PARAGRAPHE I : LA RUPTURE BRUTALE DE CREDIT

La question se pose surtout à l’occasion de la révocation d’une ouverture de crédit à durée


indéterminée car chaque partie a la possibilité d’y mettre fin par une volonté unilatérale. Il
s’agit d’un droit de résiliation unilatérale qui est commun à tous les contrats successifs. Mais
dans le cadre de l’ouverture de crédit, surtout s’il s’agit d’un crédit d’exploitation, la
banque est tenue d’assortir la rupture d’un délai suffisant de mise en œuvre, sous peine
de se voir imputer comme faute la brutalité de sa décision et d’avoir à en réparer
pécuniairement les conséquences dommageables.

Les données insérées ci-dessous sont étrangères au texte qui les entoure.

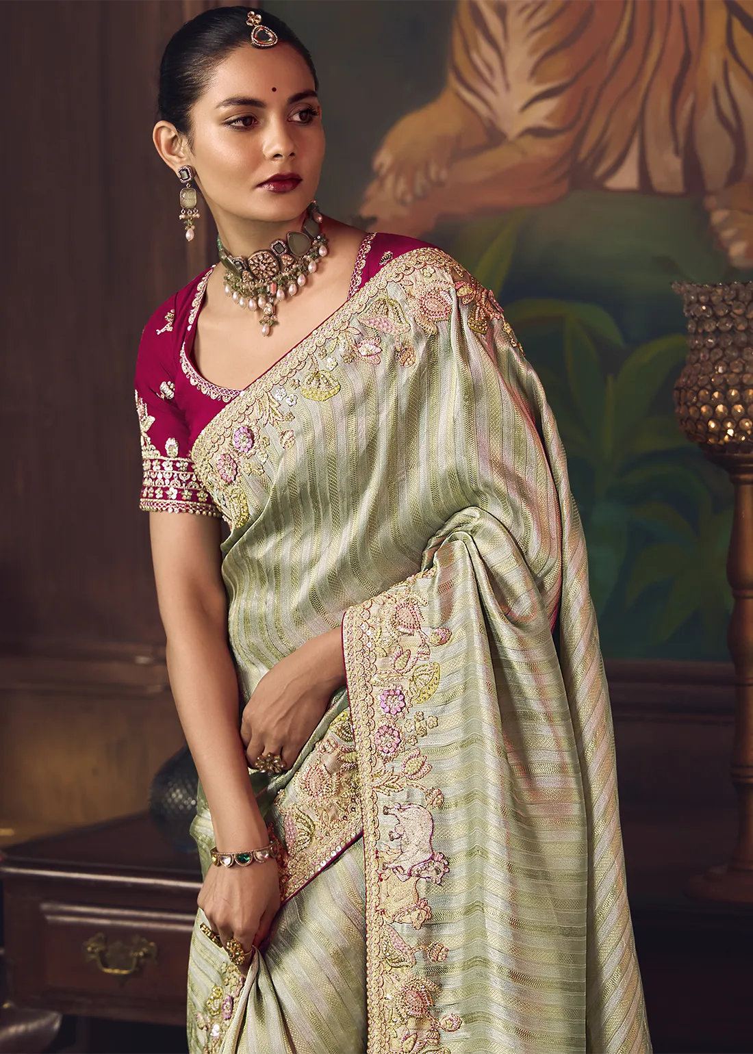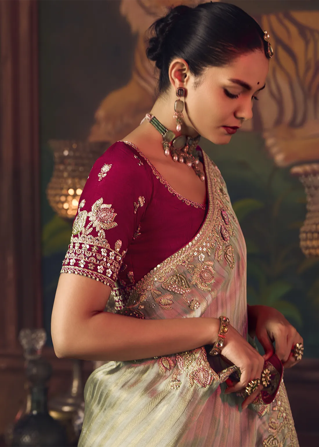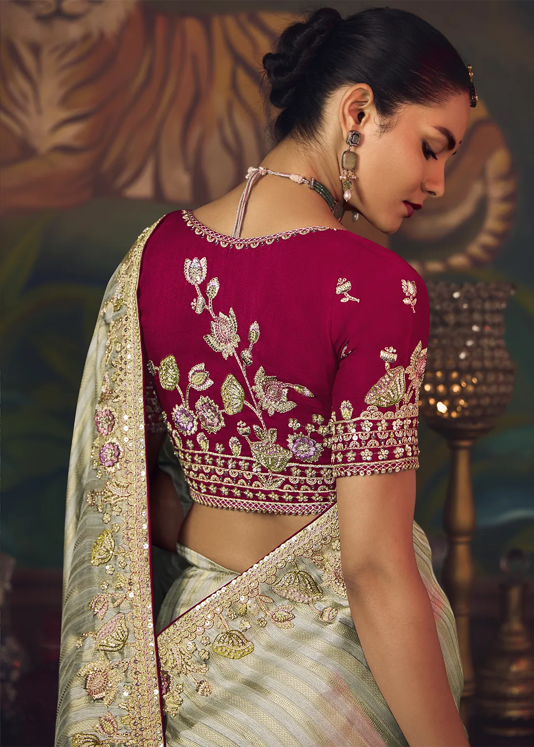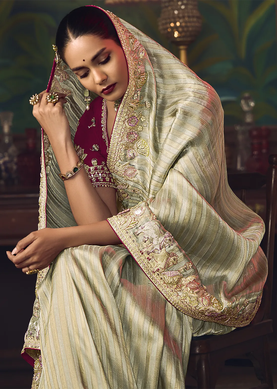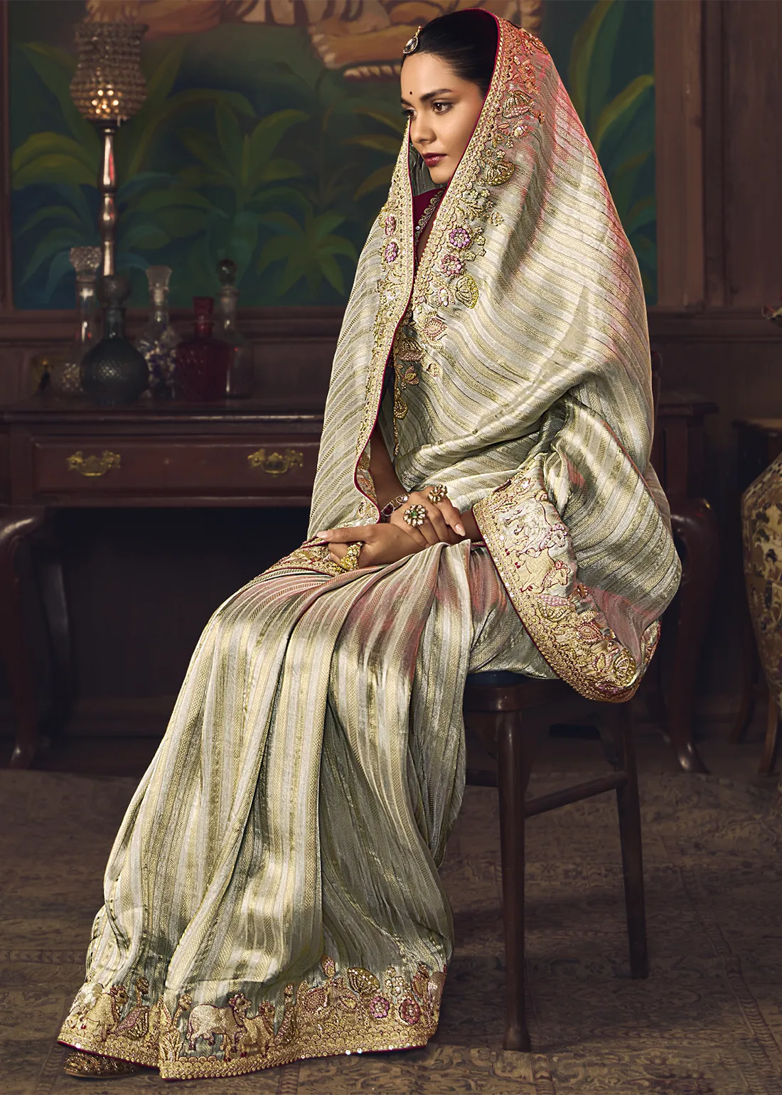 Embroidered Grey Kanjivaram Silk Saree with Maroon Blouse
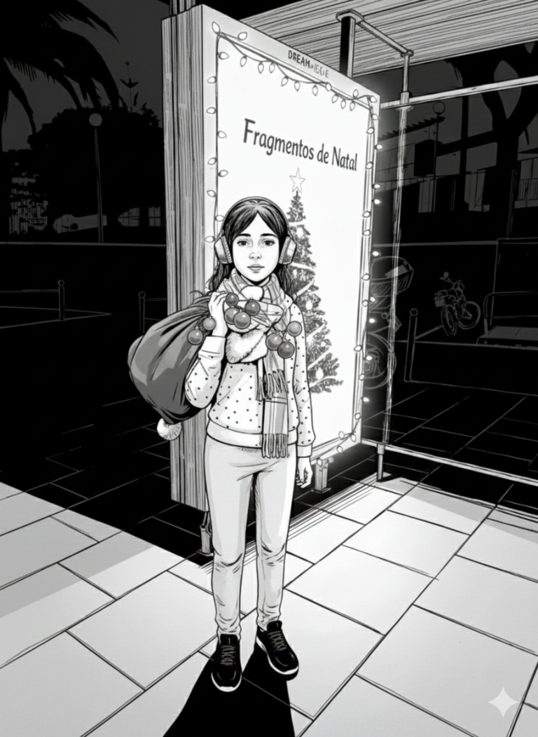 “Fragmentos de Natal” é um monólogo sobre Clara, interpretada por Maria Bettencourt, uma jovem voluntária que, numa noite fria e solitária, espera pelo autocarro numa paragem com luzes de Natal avariadas. Enquanto carrega um saco de enfeites partidos, ela reflete sobre a solidão e as imperfeições da vida. Através da metáfora de uma bola de Natal rachada que ainda reflete luz, a peça transmite uma mensagem de esperança: mesmo “partidos” por dentro, todos mantemos a capacidade de brilhar. A história termina com a chegada do autocarro, deixando a mensagem de que a nossa luz reside, precisamente, na beleza das nossas cicatrizes e na coragem de resistir.

PARAGRAPHE II : L’OCTROI ABUSIF DE CREDIT

Les crédits bancaires peuvent compromettre la sécurité des relations commerciales : un crédit
octroyé à une entreprise dont la situation est compromise a surtout pour seul effet
d’augmenter le nombre de ses créanciers et l’importance de son passif ; en créant une
apparence de solvabilité, un tel crédit fera de nouvelles victimes car les créanciers du crédité
perdront leur créance dans la disparition inéluctable de l’entreprise. Ces créanciers peuvent
demander réparation de ce préjudice né de la rupture tardive du crédit.